Records provided:
· · · · ·
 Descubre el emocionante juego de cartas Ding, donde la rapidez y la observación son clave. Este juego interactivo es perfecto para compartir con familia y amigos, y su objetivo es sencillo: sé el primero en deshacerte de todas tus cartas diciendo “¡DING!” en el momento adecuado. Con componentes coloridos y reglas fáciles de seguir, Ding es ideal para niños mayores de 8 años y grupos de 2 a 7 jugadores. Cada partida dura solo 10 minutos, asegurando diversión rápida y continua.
· · · · ·
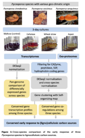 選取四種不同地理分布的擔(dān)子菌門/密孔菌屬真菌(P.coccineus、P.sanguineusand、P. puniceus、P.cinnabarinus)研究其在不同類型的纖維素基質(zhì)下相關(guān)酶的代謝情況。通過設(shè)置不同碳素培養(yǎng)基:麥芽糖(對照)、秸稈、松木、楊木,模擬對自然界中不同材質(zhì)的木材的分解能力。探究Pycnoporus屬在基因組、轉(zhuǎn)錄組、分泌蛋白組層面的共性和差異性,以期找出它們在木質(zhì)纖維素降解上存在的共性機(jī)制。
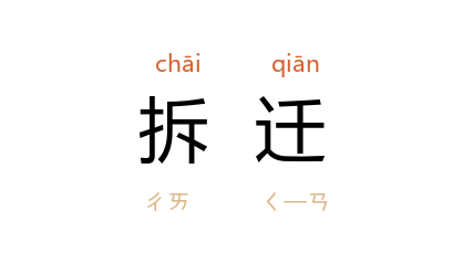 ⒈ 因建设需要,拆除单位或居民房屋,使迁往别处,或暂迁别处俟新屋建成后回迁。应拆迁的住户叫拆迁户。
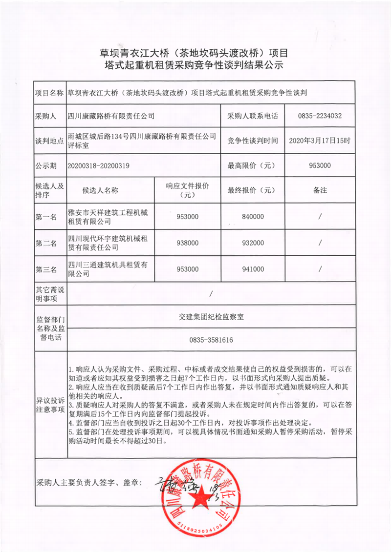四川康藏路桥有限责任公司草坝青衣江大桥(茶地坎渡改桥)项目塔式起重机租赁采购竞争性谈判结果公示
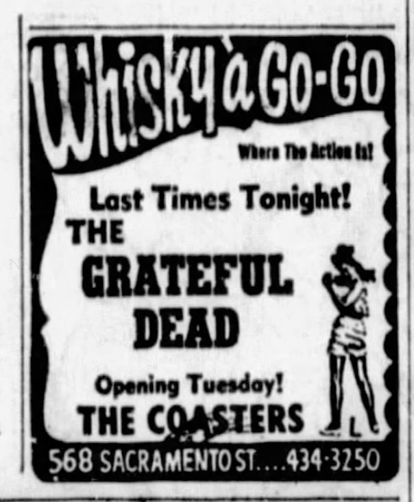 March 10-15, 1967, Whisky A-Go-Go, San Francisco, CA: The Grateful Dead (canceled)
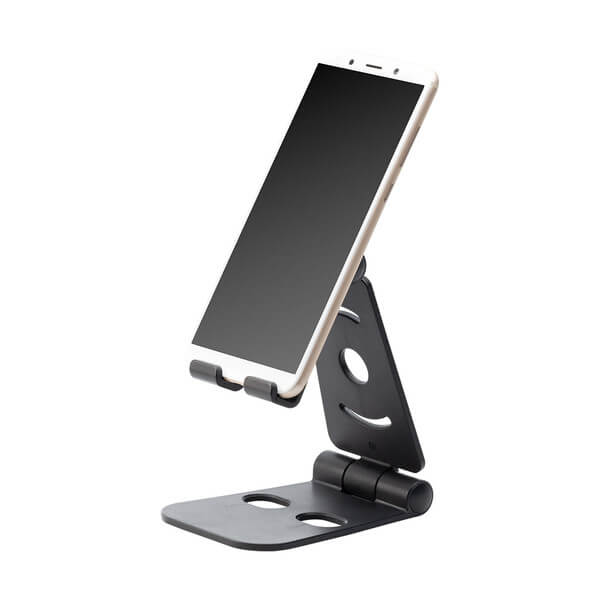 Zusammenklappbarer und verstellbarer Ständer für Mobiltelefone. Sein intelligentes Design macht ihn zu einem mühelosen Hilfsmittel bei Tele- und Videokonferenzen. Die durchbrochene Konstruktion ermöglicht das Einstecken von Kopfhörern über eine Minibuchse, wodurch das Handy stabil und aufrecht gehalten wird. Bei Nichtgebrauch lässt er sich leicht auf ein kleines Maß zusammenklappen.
· · · · ·
Only one stretch of the listing above is to be duplicated: the lines from the one containing "⒈ 因建设需要,拆除单位或居" through the one containing "March 10-15, 1967, Whisky", both included. Copy them exactly, minus the pictures.

 ⒈ 因建设需要,拆除单位或居民房屋,使迁往别处,或暂迁别处俟新屋建成后回迁。应拆迁的住户叫拆迁户。
四川康藏路桥有限责任公司草坝青衣江大桥(茶地坎渡改桥)项目塔式起重机租赁采购竞争性谈判结果公示
 March 10-15, 1967, Whisky A-Go-Go, San Francisco, CA: The Grateful Dead (canceled)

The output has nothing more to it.